→ **YOUR OBJECTIVE**
Set each line of the material below down word for word, from the first through the line that holds "Figura 3. Niño", but not the pictures.

→ **RECORD EXTRACTS**
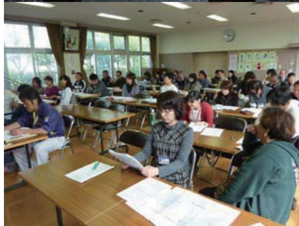
(写真上) 支援員訪問 (写真下) 支援員の研修
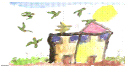
Figura 3. Niño DP, 6 años. "Mi familia en el presente."

completar frases (Rotter), señalan que el contenido de estas ideas está vinculado a la figura parental emigrada: al cariño atribuido a esta persona, a las relaciones afectivo-emocionales estrechamente cercanas y a la necesidad de contacto, de volver a ver, de compartir con la madre o el padre ahora ausente físicamente. En el dibujo libre se identifica la seriación de elementos que, gráficamente, expresa la detención del sujeto en un esquema gráfico, lo cual equivale a la presencia de alguna idea fija en el sujeto. En el caso del dibujo "Mi familia ahora" (figura 3), los elementos seriados son aves, lo que puede estar relacionado con la representación del padre que está lejos, que se fue a otro país, que emigró, estableciendo cierta comparación entre los elementos representados gráficamente y las cogniciones asociadas a estas figuras.
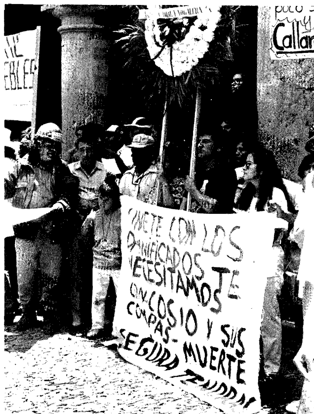
Un nuevo tipo de movilización ciudadana

Y los cuales se volcaron sobre los medios: cartas al editor, telefonazos en vivo, entrevistas sin cortes. Todo reflejaba un afán difuso de conectarse con algo. Reporteros, conductores, periodistas y analistas, estuvieron a la altura de las exigencias. El accionar colectivo generó una importante dinámica emancipadora. El atreverse a hablar surgió de impulsos colectivos y experiencias compartidas.
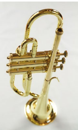
↑ Trompette Sib modèle 9/16

→ **EXERCISE RESULT**
(写真上) 支援員訪問 (写真下) 支援員の研修
Figura 3. Niño DP, 6 años. "Mi familia en el presente."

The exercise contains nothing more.